Figure 4. — Sp1 or Sp3 silencing affects cell growth and colony formation in colon cancer cells. A) Effect of Sp1 or Sp3 silencing on cell proliferation. HCT116 cells (1×10⁴) with or without Sp1 or Sp3 KD were seeded and the cell numbers were counted every day for 5 d (means±se). *P < 0.05, **P < 0.01 vs. negative control; Student's t test. B) Sp1 or Sp3 KD increases histone acetylation on the p21 promoter. HCT116 cells with Sp1 or Sp3 KD were carried out in ChIP assays by using anti-acetyl-H3 antibody. The resulting DNA was subjected to real-time PCR to amplify the promoter region of the p21 gene; 3′ UTR was used as a negative control. Results are presented as means ± se. *P < 0.05 vs. negative control; Student's t test. C) Clonogenic assay on the formation of cell colonies. HCT116 cells (1×10³) with various KD or inhibitor treatments were seeded in 5 cm dishes. Colonies were photographed after 14 d. D) Percentage of colonies grown in clonogenic assay compared with control cells. *P < 0.05 vs. untreated control; Student's t test. E) Soft agar assay on the formation of cell colonies. HCT116 cells (1×10⁴) with various KD or inhibitor treatments were seeded in 5 cm dishes. Colonies were photographed after 14 d. F) Percentage of colonies grown in soft agar compared with control cells. *P < 0.05 vs. untreated control; Student's t test. All experiments were repeated ≥3 times.

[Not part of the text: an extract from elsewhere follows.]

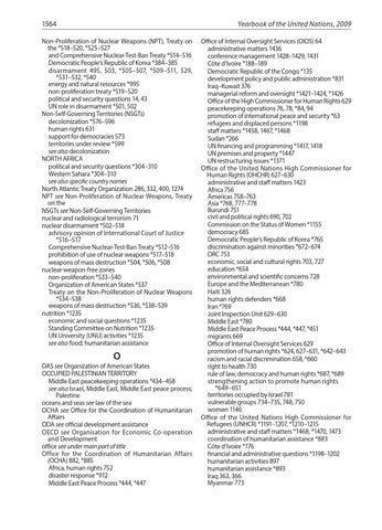 1564 Non-Proliferation of Nuclear Weapons (NPT), Treaty on the *518–520, *525–527 and Comprehensive Nuclear-Test-Ban Treaty *514–516 Democratic People’s Republic of Korea *384–385 disarmament 495, 503, *505–507, *509–511, 529, *531–532, *540 energy and natural resources *995 non-proliferation treaty *519–520 political and security questions 14, 43 UN role in disarmament *501, 502 Non-Self-Governing Territories (NSGTs) decolonization *576–596 human rights 631 support for democracies 573 territories under review *599 see also decolonization NORTH AFRICA political and security questions *304–310 Western Sahara *304–310 see also specific country names North Atlantic Treaty Organization 286, 332, 400, 1274 NPT see Non-Proliferation of Nuclear Weapons, Treaty on the NSGTs see Non-Self-Governing Territories nuclear and radiological terrorism 71 nuclear disarmament *502–518 advisory opinion of International Court of Justice *516–517 Comprehensive Nuclear-Test-Ban Treaty *512–516 prohibition of use of nuclear weapons *517–518 weapons of mass destruction *504, *506, *508 nuclear-weapon-free zones non-proliferation *533–540 Organization of American States *537 Treaty on the Non-Proliferation of Nuclear Weapons *534–538 weapons of mass destruction *536, *538–539 nutrition *1235 economic and social questions *1235 Standing Committee on Nutrition *1235 UN University (UNU) activities *1235 see also food; humanitarian assistance

Sp1 KD reduces the active mark and affects the recruitment of epigenetic cofactors at the HDAC1 promoter but less effectively at the HDAC2 promoter

Previous studies showed that epigenetic modifiers, such as p300 and HDAC1, are associated with Sp1 and are recruited to the target gene promoter/enhancer by Sp1 (36, 42 –44). We therefore investigated whether KD of Sp1 affects epigenetic cofactor recruitment on the HDAC1 promoter. Sp1 KD does not affect cellular p300 protein levels (Fig. 5A). However, it affects p300 recruitment on the HDAC1 promoter (Fig. 5B). Therefore, although Sp1 KD increase histone H3 acetylation globally (Fig. 3A), Histone H3 acetylation level at HDAC1 promoter is decreased (Fig. 5C). Sp1 KD affects HDAC1 recruitment to its own promoter (Fig. 5D), presumably due to the reduction of HDAC1 levels in Sp1 KD cells (Fig. 3A). Since Sp1 KD represses HDAC1 gene expression, we anticipate that it will also affect other active chromatin markers, such as H3K4 trimethylation, at the HDAC1 promoter. The results show that indeed, H3K4 trimethylation decreases ∼50% after Sp1 KD (Fig. 5E). We then examined whether the enzymes that catalyzes the modification is also reduced. ChIP assay shows that SET1, which specifically catalyzes H3K4 methylation, is present at the HDAC1 promoter and its recruitment is significantly reduced after Sp1 KD (Fig. 5F). This suggests that Sp1 can recruit SET1 to the HDAC1 promoter. To determine whether Sp1 can interact with SET1, immunoprecipitation was performed in HCT116 nuclear extracts. Sp1 interacts with SET1. In addition, both RbBp5 and Ash2L, the core components of SET1 complexes, can also interact with Sp1 (Fig. 5G). These results indicate that overexpressed Sp1 in colon cancer cells activate HDAC1 expression by directly recruiting epigenetic coactivators, such as p300 and SET1 complex.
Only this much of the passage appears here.